The issue in Loughlin v. Ling concerned an interference:

On May 13, 2004, Loughlin filed Application No. 10/845,624 (the “’624 application”). The ’624 application was published on November 18, 2004, as Publication No. 2004/0226324. On October 14, 2008, the ’624 application issued as the ’426 patent.

On February 5, 2007, Ling filed the ’404 application, which was granted priority benefit under § 120 from Application No. 10/759,413 (the “’413 application”), filed January 16, 2004. On February 21, 2007, Ling, seeking to provoke an interference, copied claims from Loughlin’s pending ’624 application.

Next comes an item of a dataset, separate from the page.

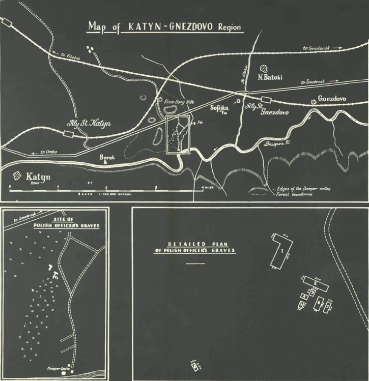 map of Polish graves in Katyn, Russia, as "...part of a larger report, written between December 1944 and February 1946 by the Council of Ministers of the Polish Government in London, and entitled "Facts and Documents Concerning Polish Prisoners of War Captured by the U.S.S.R. During the 1939 Campaign". This report was transmitted by a member of the Polish government in exile, Lt. Gen. M. Kukiel, via the American military attaché's office in London, to Maj. Gen. Telford Taylor in December of 1947, and eventually appeared before the Madden Committee, having been mistaken for the lost "van Vliet report" (Record Group 319, Department of the Army, Office of the Assistant Chief of Staff for Intelligence, Permanent Retention Files, 1918-1963, 319-5937-1, Report - Facts and Documents Concerning Polish Prisoners of War Captured by the U.S.S.R. During the 1939 Campaign, 1946)."

Loughlin wasn't happy about the late filing of the '404 by Ling, but Ling prevailed:

We now turn to the merits of Loughlin’s appeal. We agree with Ling that the Board correctly interpreted § 135(b)(2) in view of the plain language of that statute and the benefit provision of § 120. The first sentence of § 120 permits an application to claim the benefit of an earlier filing date, such that the application is treated as having been effectively filed on the earlier date. The statute provides in relevant part:

An application for patent for an invention dis- closed in the manner provided by section 112(a) . . . in an application previously filed in the United States . . . shall have the same effect, as to such invention, as though filed on the date of the prior application . . . .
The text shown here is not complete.